Do correlations exist between chromatophore arrangement and photosynthetic activity in seaweeds?

In Dictyota dichotoma, as in many other plants, the chromatophores which at low intensities occupy the cell walls perpendicular to the light beam move to the side walls parallel to the light beam if exposed to high light intensities. The aim of this investigation was to find out whether or not the changes from low- to high-intensity arrangement and vice versa function as an active control mechanism to regulate photosynthetic activity in D. dichotoma under the respective light condition.
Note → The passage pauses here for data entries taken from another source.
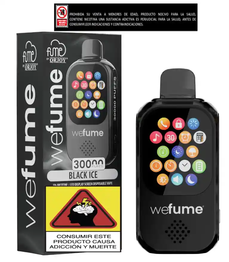 "¡Bienvenido al futuro del vapeo! Con el nuevo we fume de 30,000 vapeadas, tu experiencia va más allá del sabor. Equipado con reproductor de música, calculadora, despertador, ¡y hasta la capacidad de contestar llamadas! Es mucho más que un vapeador: es tu compañero todo-en-uno. ¿Estás listo para revolucionar la manera en que disfrutas cada calada? we fume, mucho más que vapor." Este producto contiene nicotina de 5mg, es una sustancia adictiva, perjudicial para la salud, prohibida su venta a menores de edad, antes de consumir leer indicaciones y contraindicaciones.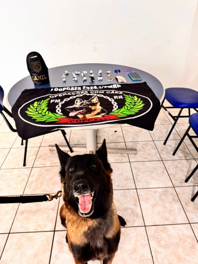 Na sequência, a cadela farejadora Vicky foi empregada no local e indicou positivamente para a presença de entorpecentes em uma área próxima. No ponto indicado, os policiais localizaram mais 13 invólucros de substância análoga à maconha do tipo skank.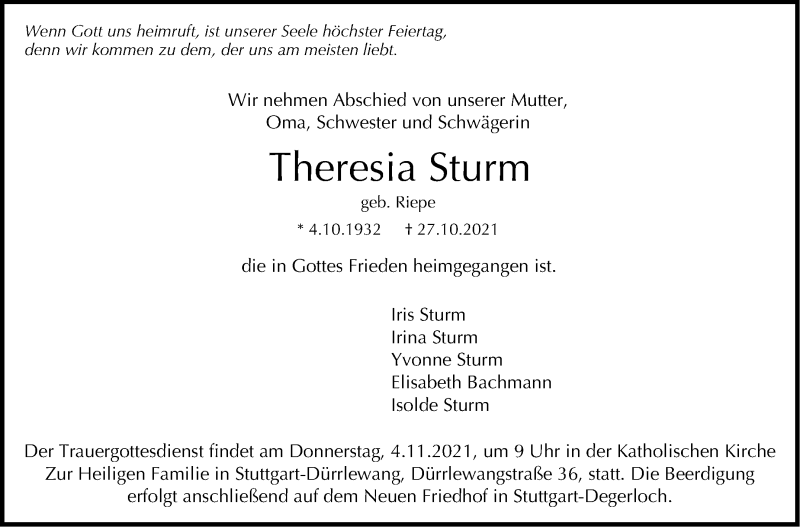 Hier finden Sie alle Traueranzeigen aus der Zeitung, die bisher für Theresia Sturm erschienen sind. Weitere Traueranzeigen, die in der Zeitung erscheinen, werden hier ebenfalls aufgelistet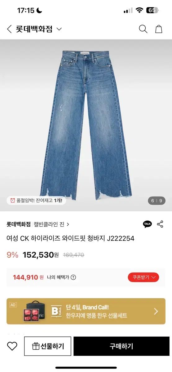 CK ハイライズワイドジーンズ J222254
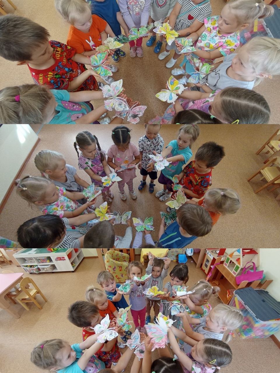 В группе "Земляничка" был организован познавательный и творческий день "День бабочек". В ходе этого дня дошколята получили возможность познакомиться и систематизировать свои представления о многообразии бабочек, их строении, образе жизни, а также продолжить своё развитие в художественном творчестве.

Four different experimental approaches were made: (a) In white and blue light experiments the changes of the transmittance and of the rate of photosynthetic oxygen production in high- and low-intensity arrangement were compared. (b) The kinetics of the depression and recovery of the PS-rates, as well as of the transmittance changes, were determined during high- and low-intensity movement, respectively. (c) Transmittance and PS-rates of thalli under illumination with polarized and unpolarized light of the same intensity (1,000 1x) were compared. (d) PS-rates of thalli after darkening as well as after preirradiation with weak and strong red light, conditions under which the chromatophores occupy the same position in the cells, were measured. In all these experiments the photosynthetic activity was strongly influenced by pre-illumination, but was independent of the respective chromatophore arrangement. This finding was confirmed by experiments with two other algae: (1) In the brown alga Alaria esculenta which does not display light-induced chromatophore displacements and concomitant transmittance changes, pre-irradiation with high light intensities decreases the PS-rates. (2) In the green alga Ulva lactuca, which shows circadian chloroplast movements, the PS-rates depend on the pre-irradiation only, irrespective of the chloroplast position. Thus we may conclude that in these organisms the function of chromatophore displacements is not the regulation of photosynthetic activity. Other ecological functions are discussed.